Due to the abundance of meanings of indirect cases, some of their meanings are expressed not only by case endings, but also by the addition of prepositions, for example: the genitive case - with prepositions expressing spatial relationships (from home, to school, from the mountains, from cities) and target (for health, for success); dative case - with prepositions expressing direction (to the father, along the roads); the accusative case - with prepositions expressing spatial relations (to the street, to the house, knee-deep) and temporal (per year, per hour); instrumental - with prepositions expressing compatibility (with a friend) and spatial relations (under water, behind gardens, between trees); The prepositional case is used in modern Russian only with prepositions (of various meanings).

Depending on which system of inflections in singular case forms. has this or that word, all nouns that change in cases are divided into three classes (three declensions): nouns of the first declension, the second declension and the third declension. The first declension is noun. husband. and Wednesday. R., to the second - n. mostly wives.

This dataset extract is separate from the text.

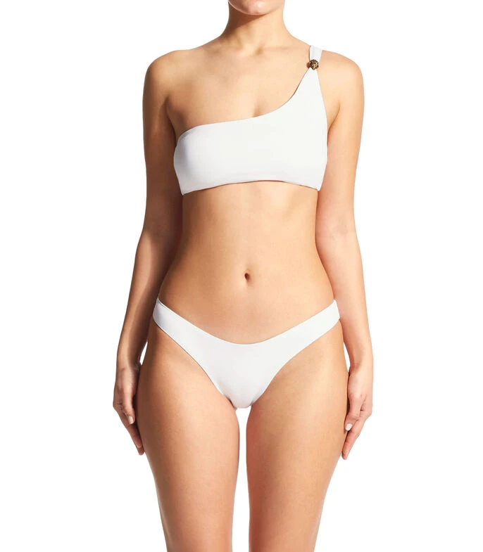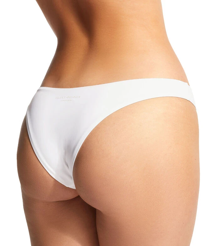 Bikini bottom Kurt Geiger Kensington en tejido plano con diseño liso y nombre de marca en posterior. Los Kensington Briefs llegan en un blanco brillante con un corte clásico.

R., as well as husband. and total. R., to the third - n. wives R., one word husband. R. and twelve words of the middle r. Nouns of each declension have their own paradigmatic characteristics - two particular paradigms: one uniting singular forms, and the other uniting plural forms. Differences between particular paradigms of units. hours are significant for different declensions; private paradigms pl. hours for different declensions differ only in the forms of them. and genus. n. (as well as wine. n., coinciding with the name of the item or genus. n.); inflection of dates., tv. and offer. n. pl. nouns of all three declensions are the same.

Paradigms of nouns and case inflections are characterized by the following features:

1) All case inflections simultaneously express two morphological meanings - case and number (singular or plural).

2) None of the particular paradigms consists of six (according to the number of cases) materially different forms: the paradigm of the first and second declensions in singular. and paradigms of all declensions in plural. h. have five different forms of the third paradigm. in units hours - only three different forms.

3) In the composition of each of the particular paradigms there are forms with homonymous case inflections; so, materially the inflections of them coincide. and wines. n. or genus. and wines. n. in paradigms husband. R. first floor in units hours and in paradigms of all declensions in plural; inflection of dates. and offer. p. - in the paradigm of the second floor. in units; inflections genus., dates. and offer. p. - in the paradigm of the third floor. in units h

4) The inflections of different cases in different paradigms can be homonymous.

Thus, all case forms of the three declensions in sing. and plural have a total of only fifteen different inflections (morphophonemic notation) [AG-80; 475].

Conclusion: the concept of "case" and the names of cases originate from antiquity. The case system of the Russian language has a number of common features with the case system of other Indo-European languages, but it has specific features: the number of cases, the range of meanings of the use of each case. Some researchers distinguish such word forms-cases as vocative, quantitative-separative, local and original cases. The meanings of the cases are diverse. The transfer of these meanings is entrusted to inflections, which help to navigate in the semantic variety of meanings.